[PATCH] mm/khugepaged: Fix ->anon_vma race

From: Jann Horn
Date: Wed Jan 11 2023 - 08:36:45 EST


If an ->anon_vma is attached to the VMA, collapse_and_free_pmd() requires
it to be locked. retract_page_tables() bails out if an ->anon_vma is
attached, but does this check before holding the mmap lock (as the comment
above the check explains).

If we racily merge an existing ->anon_vma (shared with a child process)
from a neighboring VMA, subsequent rmap traversals on pages belonging to
the child will be able to see the page tables that we are concurrently
removing while assuming that nothing else can access them.
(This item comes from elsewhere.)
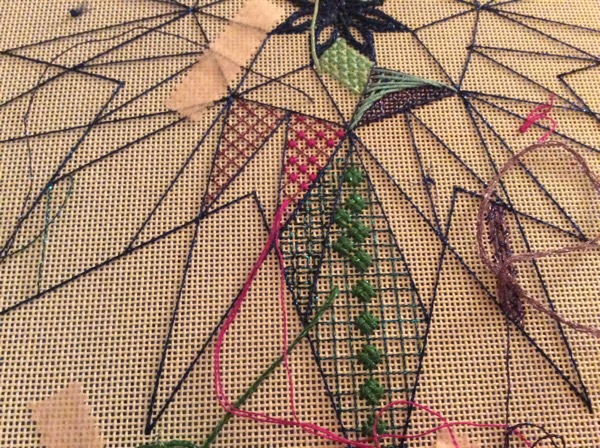 For my own work I put basting lines in my fabric where the edge of foam core would be, so I know I’ve stretched it straight onto the foam core/mat board backing. I just use sewing thread in a color I can see and can easily remove (don’t use floss since it can leave a residue when you pull it out). I rarely do this with needlepoint since typically I’m wrapping it at the edge of the stitching anyway. But you want to make sure the framer understands the importance of getting it completely square. You don’t want to get it back and find it’s off 2 threads from top to bottom, unless that doesn’t bother you – as you can guess, it bothers me :-).

Repeat the ->anon_vma check once we hold the mmap lock to ensure that there
really is no concurrent page table access.

Reported-by: Zach O'Keefe <zokeefe@xxxxxxxxxx>
Fixes: f3f0e1d2150b ("khugepaged: add support of collapse for tmpfs/shmem pages")
Cc: stable@xxxxxxxxxxxxxxx
Signed-off-by: Jann Horn <jannh@xxxxxxxxxx>
---
zokeefe@ pointed out to me that the current code (after my last round of patches)
can hit a lockdep assert by racing, and after staring at it a bit I've
convinced myself that this is a real, preexisting bug.
(I haven't written a reproducer for it though. One way to hit it might be
something along the lines of:

- set up a process A with a private-file-mapping VMA V1
- let A fork() to create process B, thereby copying V1 in A to V1' in B
- let B extend the end of V1'
- let B put some anon pages into the extended part of V1'
- let A map a new private-file-mapping VMA V2 directly behind V1, without
an anon_vma
[race begins here]
- in A's thread 1: begin retract_page_tables() on V2, run through first
->anon_vma check
- in A's thread 2: run __anon_vma_prepare() on V2 and ensure that it
merges the anon_vma of V1 (which implies V1 and V2 must be mapping the
same file at compatible offsets)
- in B: trigger rmap traversal on anon page in V1'

mm/khugepaged.c | 14 +++++++++++++-
1 file changed, 13 insertions(+), 1 deletion(-)

diff --git a/mm/khugepaged.c b/mm/khugepaged.c
index 5cb401aa2b9d..0bfed37f3a3b 100644
--- a/mm/khugepaged.c
+++ b/mm/khugepaged.c
@@ -1644,7 +1644,7 @@ static int retract_page_tables(struct address_space *mapping, pgoff_t pgoff,
* has higher cost too. It would also probably require locking
* the anon_vma.
*/
- if (vma->anon_vma) {
+ if (READ_ONCE(vma->anon_vma)) {
result = SCAN_PAGE_ANON;
goto next;
}
@@ -1672,6 +1672,18 @@ static int retract_page_tables(struct address_space *mapping, pgoff_t pgoff,
result = SCAN_PTE_MAPPED_HUGEPAGE;
if ((cc->is_khugepaged || is_target) &&
mmap_write_trylock(mm)) {
+ /*
+ * Re-check whether we have an ->anon_vma, because
+ * collapse_and_free_pmd() requires that either no
+ * ->anon_vma exists or the anon_vma is locked.
+ * We already checked ->anon_vma above, but that check
+ * is racy because ->anon_vma can be populated under the
+ * mmap lock in read mode.
+ */
+ if (vma->anon_vma) {
+ result = SCAN_PAGE_ANON;
+ goto unlock_next;
+ }
/*
* When a vma is registered with uffd-wp, we can't
* recycle the pmd pgtable because there can be pte

base-commit: 7dd4b804e08041ff56c88bdd8da742d14b17ed25
--
2.39.0.314.g84b9a713c41-goog